FIGS. 8-10 are flowcharts illustrating example operations which may be implemented for multi-tenant network provisioning.

DETAILED DESCRIPTION

Provisioning communications resources for data center networks is disclosed. Increasingly, datacenter hardware is purchased by infrastructure vendors and used to support compute, storage, and communication services that are sold to independent tenants. Shared data centers such as this are referred to herein as infrastructure as a Service (IaaS). IaaS provides economy of scale and other efficiencies not previously Possible. Service Level Agreements (SLAs) may be used to define a level of service that an infrastructure vendor provides to the tenant. Network architectures are designed to provide Quality of Service (QoS) to provide sufficient resources and ensure that the tenant SLAs are satisfied.

The provisioning of communications capability can be complex. Unlike compute and storage provisioning, communications provisioning suffers from shared internal resources within communications networks that may have arbitrary and complex topologies. Accordingly, communications provisioning and enforcement has to address complex fabric-wide decision processes, where many provisioning and enforcement decisions are interdependent.

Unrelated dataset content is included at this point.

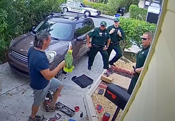 Zbog svoje nepažnje jedan stanovnik Floride otvorio je vrata doma policijskoj patroli zbog prijave komšija. Vlasnik papagaja, Džejson je u svom dvorištu popravljao auto kada ga je prekinula policija, jer se iz njegove kuće čulo glasno zapomaganje:

Datacenter communication networks are increasingly complex as multipath networks are used for high performance communications within very large datacenters. Guaranteed QoS for communications within a shared network has remained an unsolved issue. Even when a multipath network is over-provisioned beyond normal communication needs, computer software executed by one tenant can generate patterns of communication traffic that disrupt communications for another tenant. This results in a failure to ensure QoS for other tenants, and results in unacceptable performance when the other tenants are sharing the network infrastructure.

Systems and methods of multi-tenant network provisioning disclosed herein address these issues. In an example, multi-tenant network provisioning includes setting at least one rate limiter on output ports of a node in the network on a tenant-by-tenant basis. In addition, communication rates are enforced over shared edge links based on the rate limiter.

Traffic rates can be managed either within or outside the network. Traffic is managed outside the network by host software (e.g., a hypervisor when multiple software-based tenants share host hardwares). Host-based management controls traffic rates at fabric ingresses and can reduce the need for in-fabric management. Traffic rates are managed within the fabric by switches that are enabled to support the systems and methods as described in more detail below.

Before continuing, it is noted that as used herein, the terms “includes” and “including” mean but are not limited to, “includes” or “including” and “includes at least” or “including at least.” The term “based on” means “based on” and “based at least in part on.”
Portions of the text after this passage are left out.